When corrosion cells form on rebar, the rust on the surface increases the size of the corroding steel member. This expansion causes the concrete to crack under pressure and loose the bond to the steel. This condition is usually much more serious than a surface spall or the appearance of flaking on a surface, as it involves structural issues and loss of strength in tension of the concrete.

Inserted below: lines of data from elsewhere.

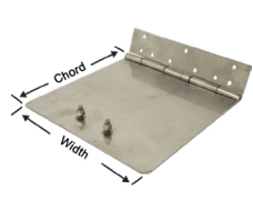 The Lectrotab stainless steel trim tab design provides unmatched strength and reliability. All stainless steel tabs are fabricated with a continuous rolled and pinned hinge. This design eliminates the need for welding. The tabs are made of corrosion resistant 12 gauge, 304 stainless steel. The first number in the size is the chord length of the tab (hinge to trailing edge), the second number is the width.
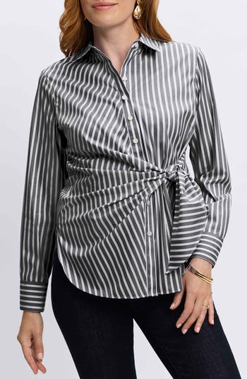 A graceful side tie provides shaping and an unexpected twist to a curved-hem shirt made from a stretch-added cotton blend fabric with energetic stripes.
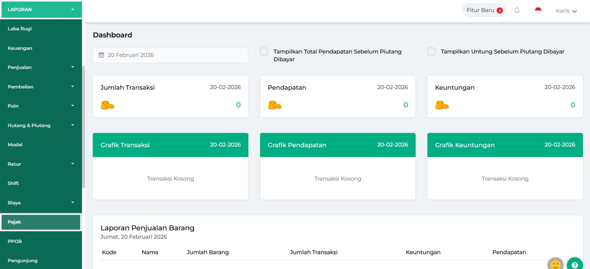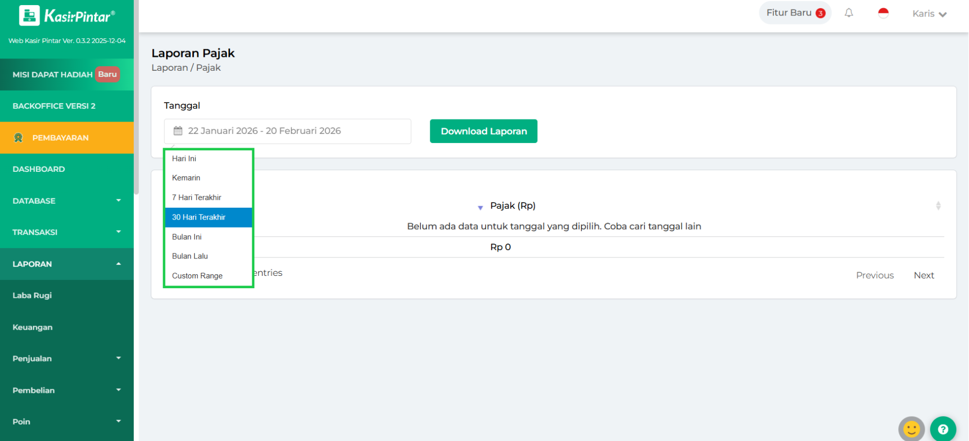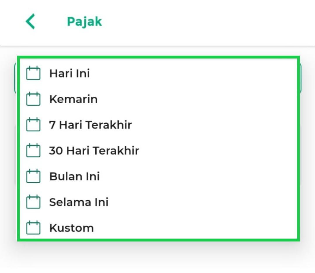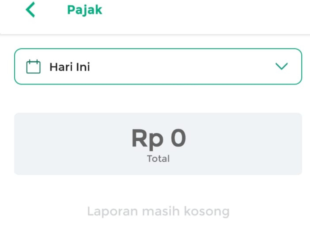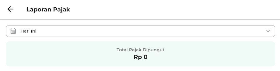 - Hari Ini: menampilkan laporan pajak hari ini.
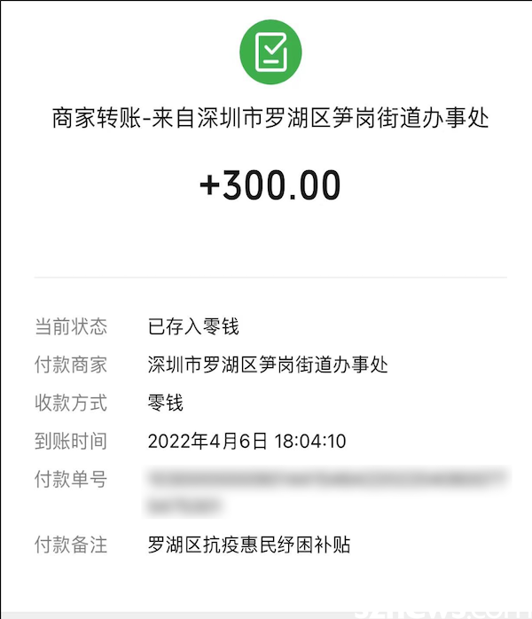 甘心是一名上班族,一家三口在筍崗村居住了5年多。今天下午,他在社區(qū)微信群看到了申領(lǐng)補(bǔ)貼小程序的鏈接,就點(diǎn)了進(jìn)去。只要填姓名,選擇住在哪里,掃描人臉識(shí)別,就完成了申請(qǐng),過程不到1分鐘?!拔?點(diǎn)多申請(qǐng)的,6點(diǎn)多就拿到了補(bǔ)貼。這太快了!我還以為要審核好幾天呢!”6點(diǎn)多,他收到了一筆來自筍崗街道辦事處的轉(zhuǎn)賬。300元零錢直接存入了他的微信錢包?!疤@喜了,我還沒有想好怎么花?!备市谋硎?,以微信形式發(fā)放補(bǔ)助對(duì)居民消費(fèi)非常便利,計(jì)劃把這筆錢用于家庭花銷。
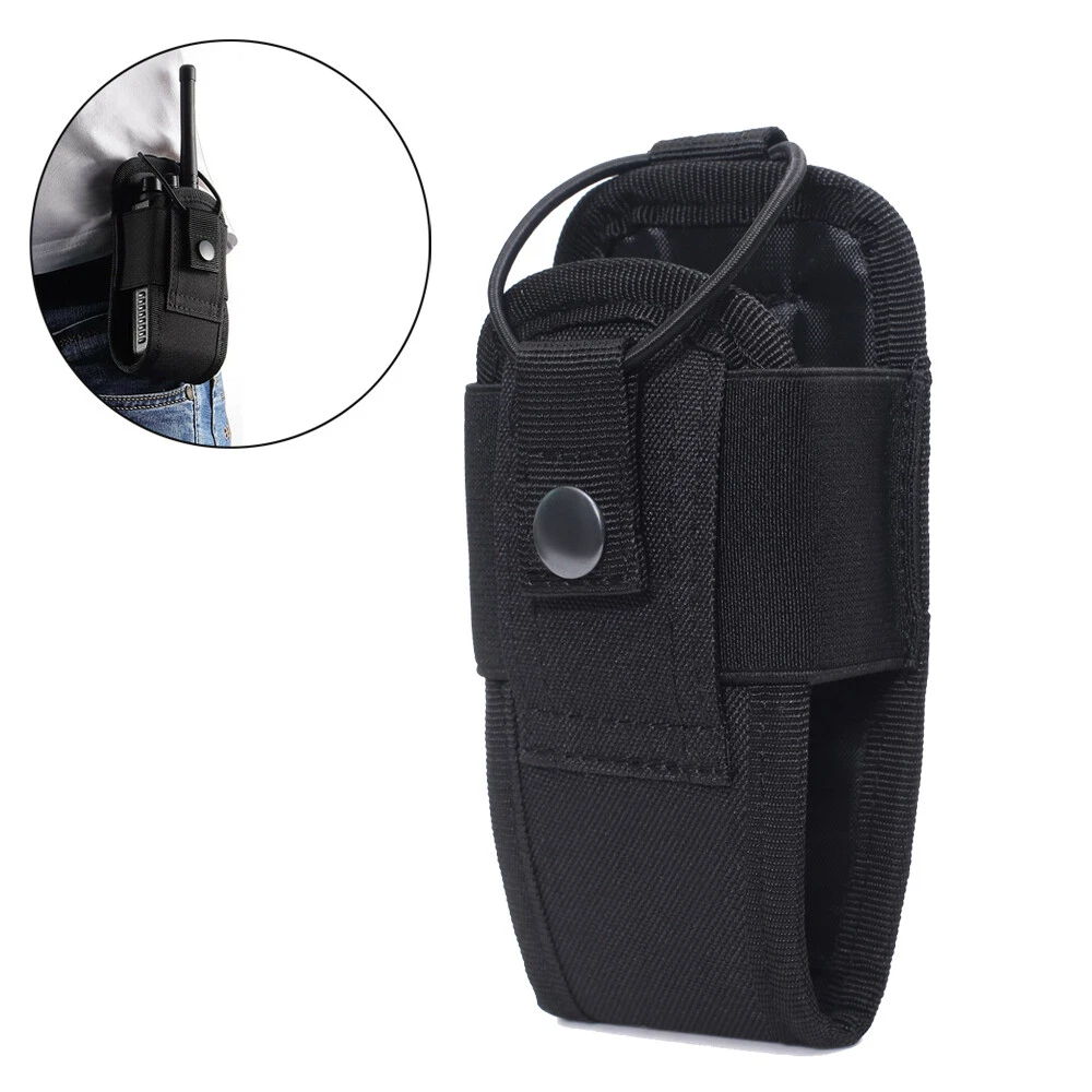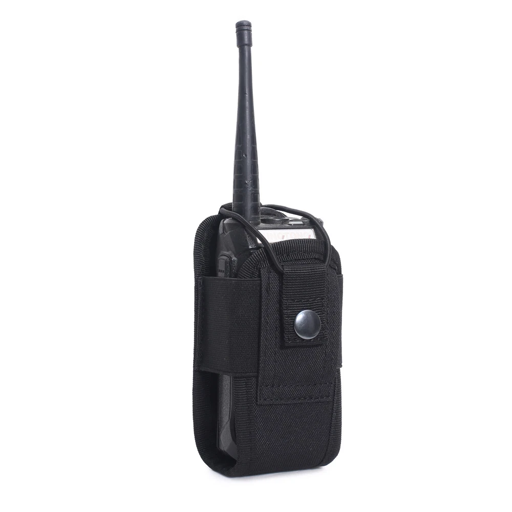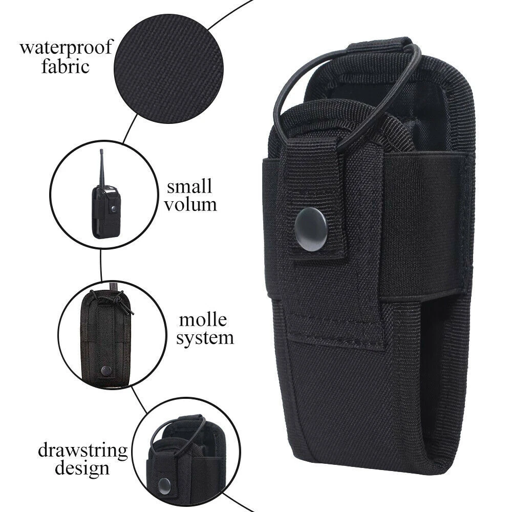 Specifica tions: Material: N ylon Weight: About 60g Size: 6.5*5*15CM Color: Black Feature: -Made of 1000D high-quality waterproof nylon material. It is strong, durable, wear-resistant and tear-resistant. -Small size and lightweight. Easy to carry and store. -Designed with Molle system, can be attached to backpack, vest, belt and other molle gears. -The size of the bag is adjusted by elastic band, which can firmly fix the items, and is easy to open and close the bag. -Multifunctional design, which can be used for camping, hiking, hunting, mountain climbing, fishing or other outdoor activities. -It makes your hands at ease, safe and convenient, and it can hold small devices such as phones, GPS, walkie-talkies and portable radios,EDC tools -Fit for outdoor sports, police, firefighters, security guards, first responders and other 8-person suits. Package Included: 1 x Walkie Talkie Pouch
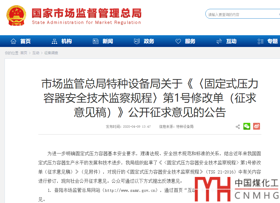 為進一步明確固定式壓力容器基本安全要求,理清法規(guī)、安全技術規(guī)范和標準的關系,結合近年來我國固定式壓力容器生產(chǎn)水平的發(fā)展和技術進步,我局組織起草了《〈固定式壓力容器安全技術監(jiān)察規(guī)程〉第1號修改單(征求意見稿)》(見附件),對現(xiàn)行的《固定式壓力容器安全技術監(jiān)察規(guī)程》(TSG 21-2016)中有關內(nèi)容進行修訂,現(xiàn)向社會公開征求意見。公眾可通過以下方式提出反饋意見:
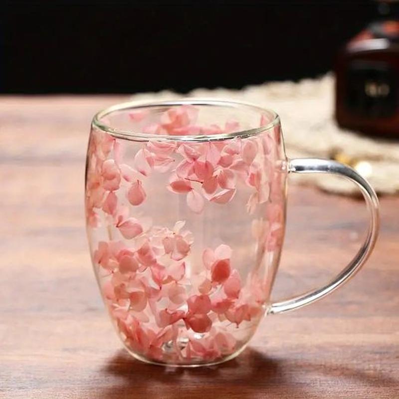 Стакан двойного слоя из высококачественного боросиликатного стекла, изысканный цветочный стакан для использования в доме и в ресторане. 350мл Под заказ 10-18 дней
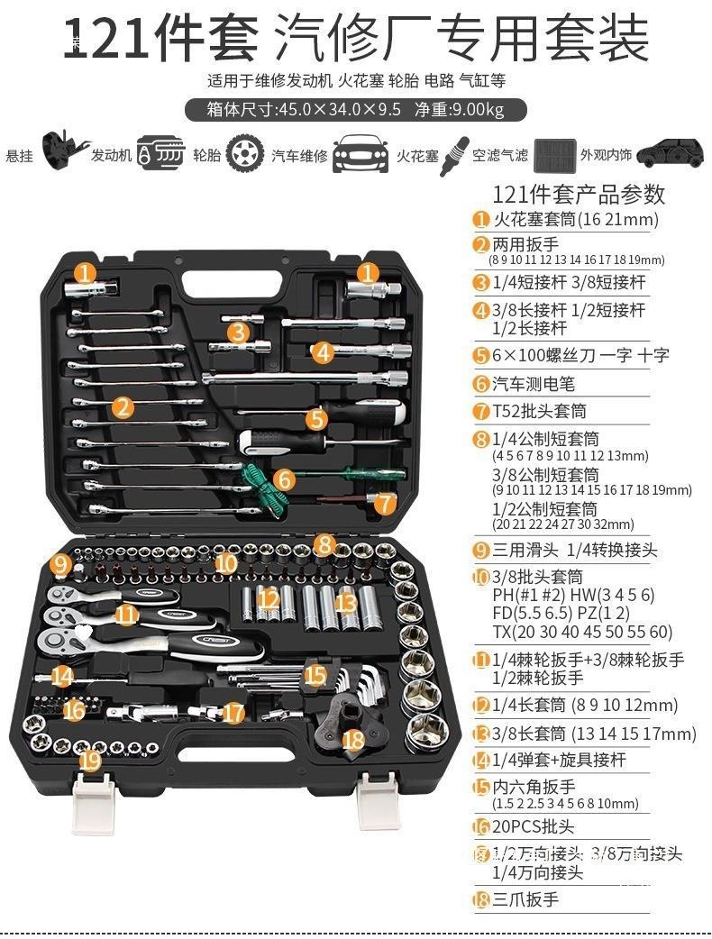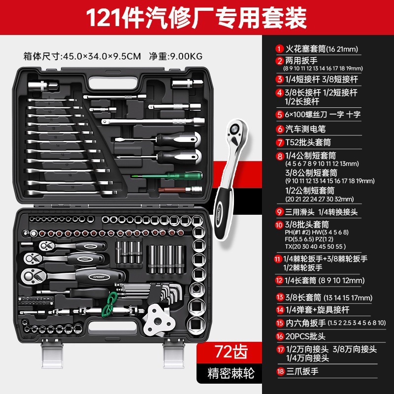 • [72톱니 대형 플라이 미디엄 플라이 소형 플라이 곡선 핸들 래칫] 121피스 소켓 렌치 세트

While use of air entrained concretes and proper placement procedures are recognized to avoid Freeze Thaw effects, too often, not a lot of importance is placed on on waterproofing a concrete to stop contaminates from entering the matrix. As water enters carrying contaminates to the depth of the steel another very important event in the preservation of concrete is overlooked! The high pH of new concrete [13-13.2 pH] forms an oxide on the steel surface that is called the "Passivating Layer". This layer, when present does not allow corrosion cells [Rust] to form. As a pH drops to lower levels the passivating layer is lost and corrosion is able to start. At a pH of 13, 7,000 ppm of chlorides are required to initiate corrosion. When the pH drops down to 11.5 that chloride threshold is now only 70 ppm before corrosion can commence. Once this type of corrosion starts, it's a matter of time in a high moisture/oxygen environment the rust develops to the point it begins to spall. Concretes need to be waterproofed as soon as possible to avoid this type of spall activity. StableCrete is a product applied to concrete, that is absorbed into the matrix where it forms a solid Inside the concrete. In addition to waterproofing, this application stops carbonation of a concrete surface. Carbonation starts as soon as the atmosphere, laden with Co2 reaches a concrete surface. This instantly begins to lower the pH of a concrete material.